If your chunks are too small, they likely won’t contain entire thoughts, but your embedding of this small chunk is very precise. If your chunks are too big, they contain lots of thought, and your embedding is less precise because of the varying amount of information in the big chunk.
And so this is where all the fun begins. How do you solve this problem? Or do you just pick a chunk size and percent overlap and call it good
The latter is what most people do, because that is what a lot of these automated chunking tools do.
But the rabbit hole just gets deeper. Why not chunk at various levels? Then with some amount of awareness of how these chunks are related to each other, you can formulate a more optimal chunk, by finding a large amount of smaller chunks within a single large chunk, and then retrieve the larger chunk that corresponds.
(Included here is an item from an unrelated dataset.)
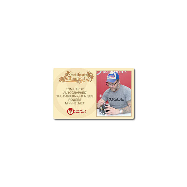 Celebrity Authentics is the exclusive autograph partner of Tom Hardy. Please be aware most other online autographs purported to be Mr. Hardy's are forgeries. Mr. Hardy has only signed with Celebrity Authentics so be sure the item you choose is affixed with the Celebrity Authentics Authentication Hologram for his genuine signature.This The Dark Knight Rises Gotham Rouges Mini-Helmet (with metal facemark) has been personally hand-signed by Bane himself, Tom Hardy during his exclusive signing with Celebrity Authentics. It has been eight years since Batman (Christian Bale), in collusion with Commissioner Gordon (Gary Oldman), vanished into the night. Assuming responsibility for the death of Harvey Dent, Batman sacrificed everything for what he and Gordon hoped would be the greater good. However, the arrival of a cunning cat burglar (Anne Hathaway) and a merciless terrorist named Bane (Tom Hardy) force Batman out of exile and into a battle he may not be able to win. Ships with acrylic display case and is affixed with the Celebrity Authentics serial-numbered and tamper evident Authentication Hologram and includes Celebrity Authentics Certificates of Authenticity featuring picture of Tom signing helmet. Rare and unique piece from this classic Batman film.Please note: with multiples signed by the actor, a sample photo is used from stock to represent what you will receive. Exact autograph size and placement may vary.

So you get the best of both worlds, precise embeddings, and more cohesive thoughts per chunk. You can see where this is headed … it’s an optimization problem.
You could run sentiment, entity extraction too. You just need to figure out how to use this from a search perspective.
One thing related to this is keyword search. A simple one that I have implemented is a log normalized TF-IDF. This works best for your larger chunks. What you do is break down each chunk into a bag of lower cased words. Then you essentially count each word in the chunk. You also count how many total chunks each word occurs in. You can use this information to find relevant keywords, specific to your data. As the most important keywords are the ones that have the lowest repeats and lowest presence across all the chunks.
This keyword search leg can be combined with your embeddings, by ranking each stream separately and combining them with hybrid search fusion algorithms such as RRF or RSF (ref).
RRF is easier to implement, but RSF may be more precise, especially when there are multiple ambiguous correlations.
So, that’s pretty much it. There are a lot of variations to this theme. It’s certainly a fun and challenging problem to optimize. But, as you alluded to, it’s definitely more on the retrieval side IMO.